##### Data section #####

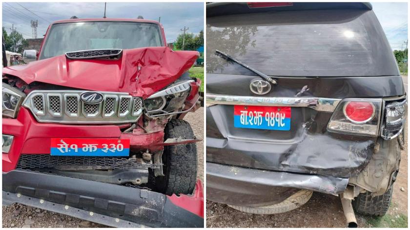 कैलालीको लम्कीमा भौतिक पूर्वाधार विकासमन्त्री सुरेन्द्र पाल र आन्तरिक मामिला तथा कानुनमन्त्री हिरासिंह सार्की सवार गाडी एकापसमा ठोक्किएर दुर्घटना भएको हो ।
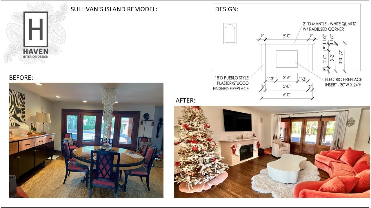 For this post, we’re focusing on fireplaces! In these, we created original shapes, textures, finishes, and detailing to complement and enhance the surrounding spaces. We also factored in our clients’ needs and wants for how it can function best for them. Here are a few before, during, and after projects featuring Haven Custom fireplaces.
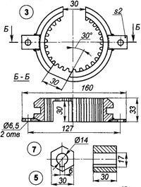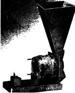 - Разработка выполнена на базе электродвигателя стиральной машины. Статор измельчающего механизма взят из муфты синхронизатора коробки передач автомобиля ГАЗ-53, в которой вырезано два окна: вверху входное сквозное и внизу выходное на глубину 30 мм. Внутри к муфте приварена направляющая пластина, а снаружи — две проушины для крепления крышки Сама муфта приварена к опорной пластине, в которой сделано отверстие для вала электродвигателя На последнем с помощью шпонки закреплен ротор, представляющий шестигранник.

#####

_Required work_. Reproduce the material above exactly, first line through the line that contains "For this post, we’re", minus the pictures.

_Result_.
 कैलालीको लम्कीमा भौतिक पूर्वाधार विकासमन्त्री सुरेन्द्र पाल र आन्तरिक मामिला तथा कानुनमन्त्री हिरासिंह सार्की सवार गाडी एकापसमा ठोक्किएर दुर्घटना भएको हो ।
 For this post, we’re focusing on fireplaces! In these, we created original shapes, textures, finishes, and detailing to complement and enhance the surrounding spaces. We also factored in our clients’ needs and wants for how it can function best for them. Here are a few before, during, and after projects featuring Haven Custom fireplaces.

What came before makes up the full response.